We see that the distributions (Gamma and Beta), and their corresponding parameters like location and scale. We can also take a look at the correlation that defines the join distribution.

parameters['correlation']

[[1.0, 0.8473079532001859, -0.7200908747599617, -0.8315209336313284],
 [0.8473079532001859, 1.0, -0.42047354940020193, -0.831115031494809],
 [-0.7200908747599617, -0.42047354940020193, 1.0, 0.43579734522625596],
 [-0.8315209336313284, -0.831115031494809, 0.43579734522625596, 1.0]]

Now it is time to look at all the synthetic variables and compare them with the original one. Let’s look at the same things. A summary of the dataset and the plot of the 3 variables.

syntDF=pd.DataFrame(np.concatenate([X_synthetic, np.expand_dims(y_synthetic, 1)], axis=1),columns=['horsepower', 'weight', 'acceleration','mpg'])

syntDF.describe()

	horsepower	weight	acceleration	mpg
count	274.000000	274.000000	274.000000	274.000000
mean	103.393953	3007.334850	15.565402	24.093801
std	36.227720	822.287724	2.765889	8.281429
min	49.084379	1650.853730	8.469497	10.183055
25%	76.679656	2299.624685	13.538932	17.291204
50%	95.181303	2933.743847	15.416592	22.956229
75%	119.586826	3537.785385	17.370376	30.233671
max	227.592858	5142.078155	23.603403	45.263817

The descriptive statistics are remarkably similar, reflecting the statistical properties emphasized earlier. This holds significant importance in our analysis. However, a closer examination of individual variable distributions and their correlations reveals disparities. The Kernel distributions have evidently undergone changes, and although the correlation values remain within the same magnitude range and exhibit the same sign, they are not identical.

g = sns.PairGrid(syntDF[['horsepower', 'weight','acceleration']], aspect=1, diag_sharey=False)
g.map_lower(sns.regplot, lowess=True, ci=False, line_kws={'color': 'black'})
g.map_diag(sns.distplot, kde_kws={'color': 'black'})
g.map_upper(corrdot)
plt.show()

Now that we have seen similarities and differences, let’s try to run the same simple linear model on the synthetic data.

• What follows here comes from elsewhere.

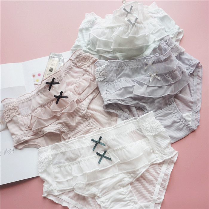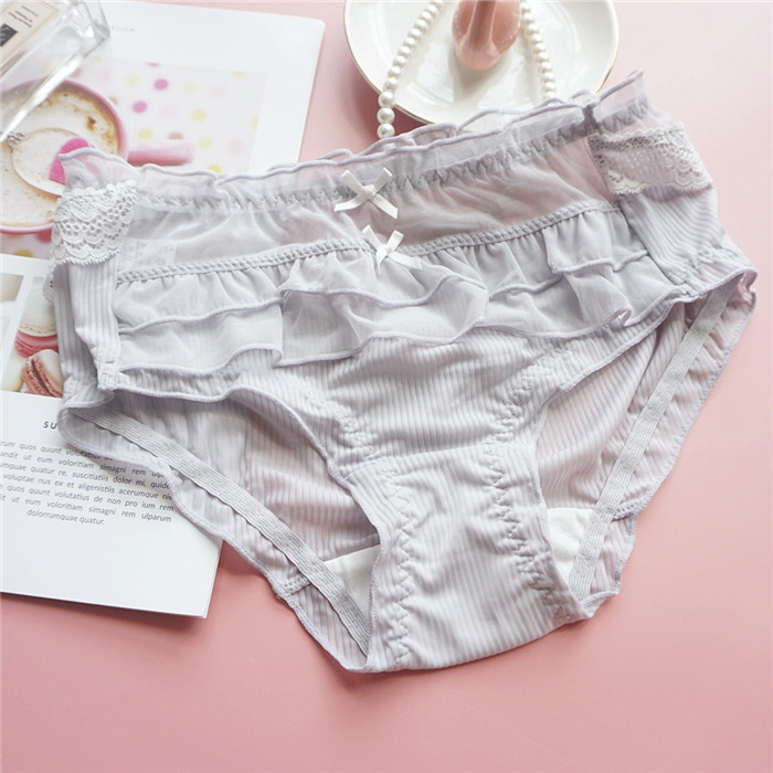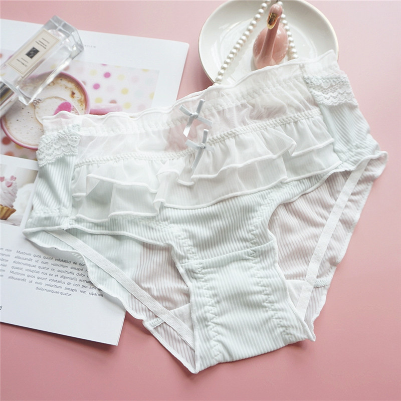 Japanese girl mid-waist bag hip panties Milk silk comfortable bow mesh briefs Sweet and cute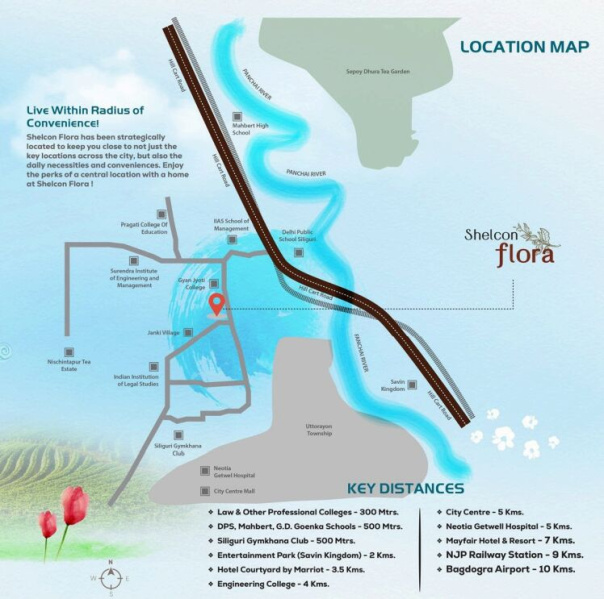 Some popular transit points closest to Shelcon Flora Dagapur, Siliguri are Matigara railway station, Siliguri junction railway station and West Bengal bus station. Out of this, Matigara railway station is the nearest from this location.

model = LinearRegression()
model.fit(X_synthetic, y_synthetic)

print(model.score(X_test, y_test))

0.6068245805913557

Upon scrutinizing the results, it is evident that they are highly comparable, even with the constraint of limiting the possible distributions to the simplest univariate forms and utilizing only three variables. This implies that our Gaussian copula has effectively captured the critical statistical characteristics of the dataset essential for addressing the regression problem.